Apartheid Story From The Inside

FILM: REVIEW

October 5, 1989

`A DRY WHITE SEASON'' is a newsmaking movie for more than one reason. It's one of the rare films to deal with the painful (and uncommercial) subject of racial oppression. It also marks the first screen appearance of Marlon Brando since 1980. And it's the first picture on apartheid in South Africa to be directed by a black filmmaker: Euzhan Palcy, a native of Martinique, whose first movie, ``Sugar Cane Alley,'' was an international success. The story takes place in 1976, during the early days of the Soweto Uprising against the apartheid system. The main character (Donald Sutherland) is a white schoolteacher who has never questioned the social and political arrangements of his country. He and his family live in a placid area of Johannesburg, and it hasn't really occurred to him that serious evils might be brewing in the way people live and work all around him.
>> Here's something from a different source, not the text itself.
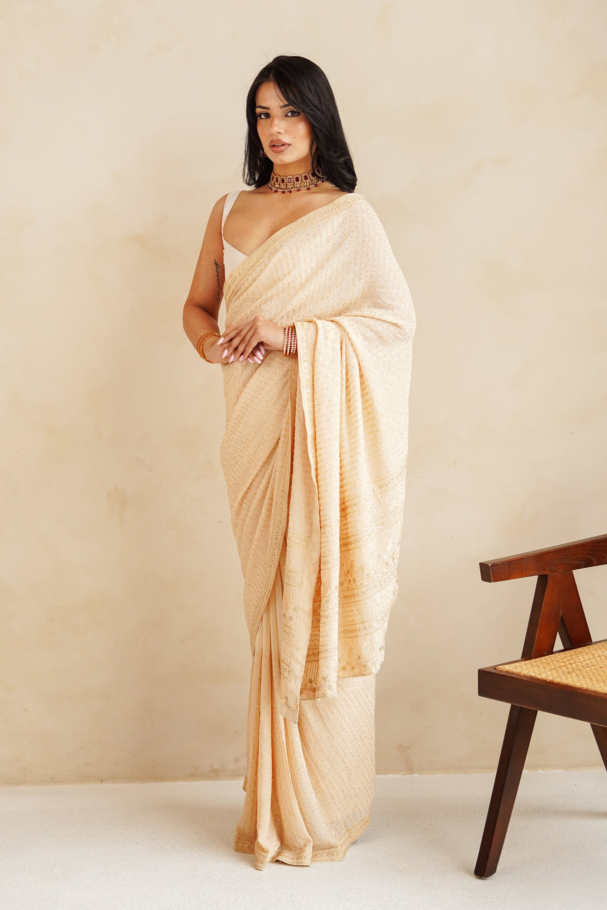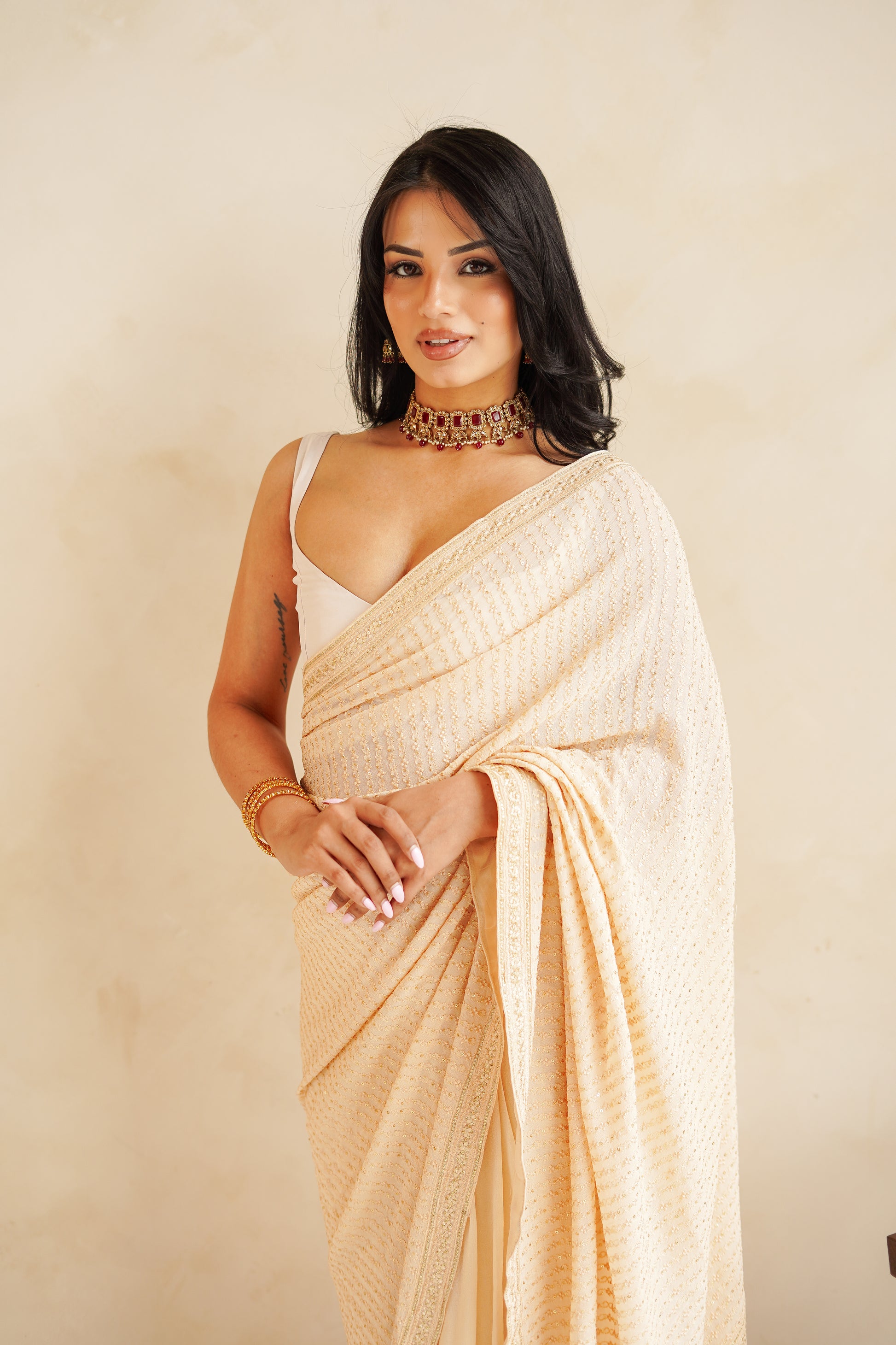 Grace meets effortless elegance in the Beige Cleo Easy-Drape Saree. Crafted from soft, flowy georgette, this saree drapes beautifully while ensuring all-day comfort. Delicate threadwork in a traditional pattern adds depth and artistry, while subtle gold sequin detailing lends a touch of shimmer. The warm beige hue enhances its understated sophistication, making it a timeless choice for celebrations and special occasions. We recommend pairing this with a micro blouse for a classic vintage look or a full-sleeve blouse for a traditional, modest aesthetic.
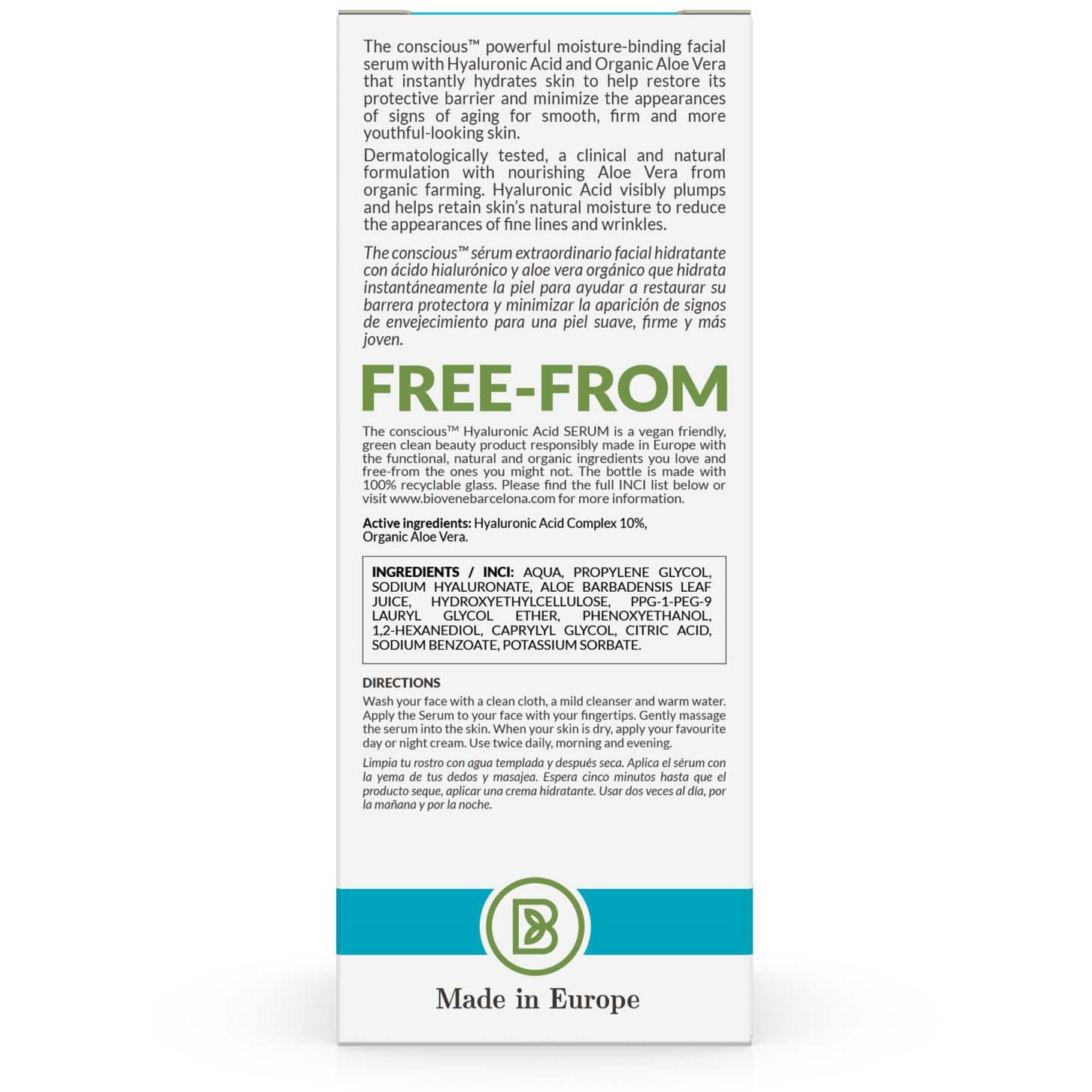 The conscious™ Hyaluronic Acid Ultra-Hydrating Super SerumZALETY:Intensywnie nawilżaZatrzymuje wilgoćRegenerujeUjędrniaThe conscious™ Ultra-Nawilżające Super Serum z nawilżającym kwasem hialuronowym i ekologicznym aloesem, które natychmiast nawilża skórę, pomagając odbudować barierę ochronną i zminimalizować widoczne oznaki starzenia, aby uzyskać gładką, jędrną i bardziej młodzieńczą cerę.Dermatologicznie testowana, kliniczna i naturalna formuła z odżywczym aloesem z ekologicznych upraw. Kwas hialuronowy widocznie wypełnia skórę i pomaga jej zachować naturalną wilgoć, aby widocznie zredukować drobne linie i zmarszczki.AKTYWNE SKŁADNIKI: Kompleks kwasu hialuronowego 10 %, ekologiczny aloesCLEAN BEAUTY + BEZ + PLANET POSITIVEZrównoważona produkcja w Europie z efektywnymi, naturalnymi i ekologicznymi składnikami, które pokochasz, oraz bez tych, które mogą Ci się mniej podobać. Butelka wykonana jest w 100 % z recyklingowanego szkła.Produkt wegański.Cruelty FreeProdukt dermatologicznie testowany.Odpowiedni dla wszystkich typów skóry: idealny dla skóry normalnej do suchej.The conscious™Razem z naturą. Z misją, aby zmienić Twoją skórę i naszą planetę.Clean Beauty: odpowiedzialne zakupy i formuły bez składników, które są znane lub mogą być podejrzewane o potencjalne szkodliwości dla zdrowia ludzi i/lub środowiska.Wyprodukowano w Europie z mniejszą ilością materiałów opakowaniowych, odpowiedzialnymi zakupami i bardziej zrównoważonymi opcjami, aby zmniejszyć wpływ na środowisko i odpady. Zmiana opakowań na recyklingowe i odnawialne opcje to nie tylko dobry krok w kierunku ochrony zasobów kopalnych, ale także pomaga w redukcji emisji dwutlenku węgla.SPOSÓB UŻYCIA:1. Umyj twarz czystą ściereczką, łagodnym środkiem czyszczącym i ciepłą wodą.2. Nałóż serum na twarz opuszkami palców.3. Delikatnie wmasuj serum w skórę.4. Nałóż krem na dzień lub na noc, gdy skóra wyschnie.Stosuj dwa razy dziennie, rano i wieczorem. Nie stosować razem z kwasami ani witaminą C. Zalecamy wykonanie testu płatkowego przed dodaniem nowych produktów do swojej rutyny.The conscious™ to znak towarowy produkowany odpowiedzialnie przez Biovène Barcelona (Biovene Cosmetics SL).

His apathy changes abruptly when a young boy he knows - the son of his gardener - gets involved in a demonstration against the failings of the school system in Soweto, a black township where many of Johannesburg's black workers live. Police attack the demonstrators, and later both the gardener and his son die while in police custody. The teacher determines to find out what happened to them, and in the process he's radicalized in ways he never would have imagined possible.

This is a powerful story, and at moments it really comes alive. One of these times is when the hero goes to a white, liberal attorney (Mr. Brando) for help in his crusade, and the lawyer - overcoming his own cynicism about improvement in South Africa - makes a forceful case against the injustice of government policy. The screenplay, by Colin Welland and director Palcy, also makes an effort to give a balanced view of ordinary whites. It doesn't declare them uninvolved in the pernicious racism of their country's system, but it refrains from blaming them (as opposed to the people who enforce the system) for every murderous twist of apartheid.

``A Dry White Season'' tries very hard to attack apartheid in an intelligent, hard-hitting way, but it too fails to reach the level of audience involvement it seeks. The story is so neatly constructed that it seems more like a lesson plan than a slice of life. Mr. Sutherland's performance as the hero is too cautious and methodical. And while Brando is spectacular as the cynical lawyer, he's only in the picture for about 10 minutes.